In this episode, we talk frankly about these difficult shifts, the perception of management being out of touch, and the extent to which transparency in formulating policies at such massive scale is practical. She has kind words for the blog phenom mini-microsoft, the anonymous blogger who was often quite thoughtful about how to improve things.

Why was Microsoft so prescient — yet ultimately unsuccessful — in so many areas (smart set top boxes and streaming video, demand-side management of power, web-based productivity apps, smartphones, tablets, mapping, natural language input, smart cars, web real estate, payments/banking, ebooks, etc.)? I was startled at Lisa’s clarity on this. These misses have many fathers, but she points to a significant central cause.

When Lisa Brummel joined Microsoft as a Product Manager in 1989, the company had roughly 4,000 employees. In 2005, when Steve Ballmer asked her to take over HR, and leave her job running a $1 Billion software division -- with $400 Million in profit) -- the company had grown to 50,000 employees. When she retired ten years later, she'd been Chief People Offer through the CEO transition of BillG to Satya, massive acquisitions, the leveling out of stock growth, and the tectonic shifts to software as a service and (non-Microsoft) smartphone platforms.
Lisa Brummel, Ginny Gilder and Dawn Trudeau, Co-Owners of the Seattle Storm (Photo Credit: Bettina Hansen/The Seattle Times)

It’s no wonder she spends her time on sports entertainment now. The Storm are not only a WNBA champion, but they’re a great asset to the greater Seattle community. We talk a bit about the team, how she (and her partners Ginny Gilder and Dawn Trudeau) came to acquire the team from Oklahoma villain Clay Bennett, and the impact of technology on sports. Highly recommended article by Bettina Hansen here.
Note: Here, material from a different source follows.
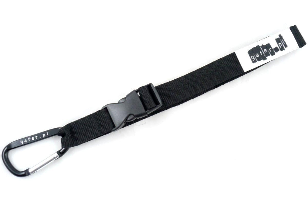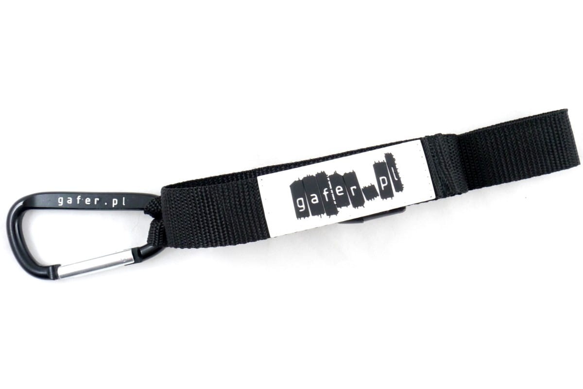 Wygodna smycz gafer.pl na karabinku do zawieszania taśm gafer tak, aby zawsze były pod ręką. Łatwy i wygodny montaż taśmy.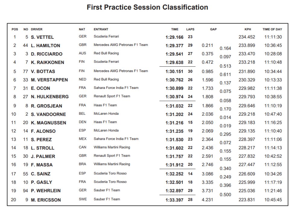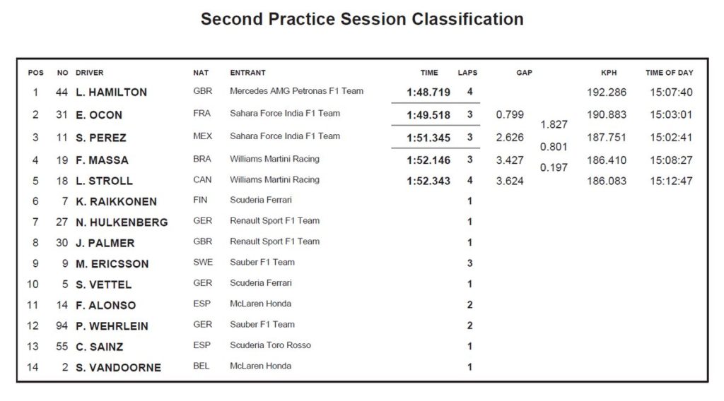 e sei che hanno scelto di non girare affatto. Condizioni così pessime che l’inizio delle seconde libere è stato rinviato “indefinitivamente” e quando dopo 45 minuti il semaforo rosso si è spento in pochissimi hanno deciso di uscire. A rompere il ghiaccio la Ferrari di Kimi Raikkonen per un giro esplorativo, ma i primi giri veri sono stati quelli delle Force India di Sergio Perez ed Esteban Ocon, che ha fatto un tempo di 1.49.518s, a 19 secondi dal miglior tempo delle FP1, l’1.29.166 di Sebastian Vettel sulle supersoft, a poco più di 2 decimi da Hamilton.

Probably less well known is that Lisa was a tremendous athlete back in the day. She’s been inducted into the Connecticut Women’s Basketball Hall of Fame, was all-Ivy League for four years at Yale, and was the Ivy MVP. She also won national and world fast pitch softball titles as catcher for the Raybestos Brakettes, a legendary — and awesomely named — team from Stratford.